> [Try it]:
Only the lines of the data below from the one with "The direct connect" through the one with "真っ暗な中、スマホの電灯でひ" are wanted. Repeat them exactly.

> [Data provided]:
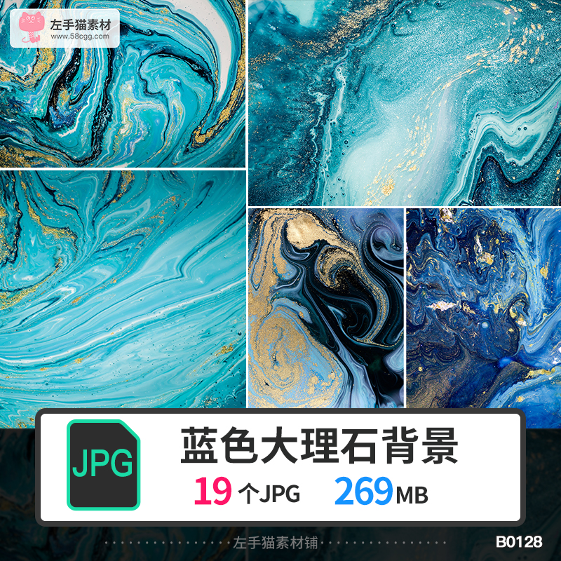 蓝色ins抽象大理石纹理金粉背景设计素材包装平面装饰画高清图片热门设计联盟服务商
==
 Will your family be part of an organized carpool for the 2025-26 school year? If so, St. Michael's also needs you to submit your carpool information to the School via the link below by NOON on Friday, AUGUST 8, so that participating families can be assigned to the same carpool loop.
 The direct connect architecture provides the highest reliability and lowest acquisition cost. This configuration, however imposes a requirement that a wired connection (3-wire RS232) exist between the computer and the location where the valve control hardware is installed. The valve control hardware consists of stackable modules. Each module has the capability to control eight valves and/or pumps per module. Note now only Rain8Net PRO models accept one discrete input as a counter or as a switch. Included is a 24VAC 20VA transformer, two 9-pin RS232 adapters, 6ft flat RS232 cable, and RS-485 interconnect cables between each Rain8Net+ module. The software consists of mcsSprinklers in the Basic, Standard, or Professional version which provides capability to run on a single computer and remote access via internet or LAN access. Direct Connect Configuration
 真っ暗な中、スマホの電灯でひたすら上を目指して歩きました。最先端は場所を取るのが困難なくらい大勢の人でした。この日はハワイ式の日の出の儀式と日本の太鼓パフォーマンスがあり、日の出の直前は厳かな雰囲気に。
--
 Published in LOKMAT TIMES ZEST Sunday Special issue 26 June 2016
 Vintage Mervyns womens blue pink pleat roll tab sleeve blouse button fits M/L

> [Answer to this problem]:
 The direct connect architecture provides the highest reliability and lowest acquisition cost. This configuration, however imposes a requirement that a wired connection (3-wire RS232) exist between the computer and the location where the valve control hardware is installed. The valve control hardware consists of stackable modules. Each module has the capability to control eight valves and/or pumps per module. Note now only Rain8Net PRO models accept one discrete input as a counter or as a switch. Included is a 24VAC 20VA transformer, two 9-pin RS232 adapters, 6ft flat RS232 cable, and RS-485 interconnect cables between each Rain8Net+ module. The software consists of mcsSprinklers in the Basic, Standard, or Professional version which provides capability to run on a single computer and remote access via internet or LAN access. Direct Connect Configuration
 真っ暗な中、スマホの電灯でひたすら上を目指して歩きました。最先端は場所を取るのが困難なくらい大勢の人でした。この日はハワイ式の日の出の儀式と日本の太鼓パフォーマンスがあり、日の出の直前は厳かな雰囲気に。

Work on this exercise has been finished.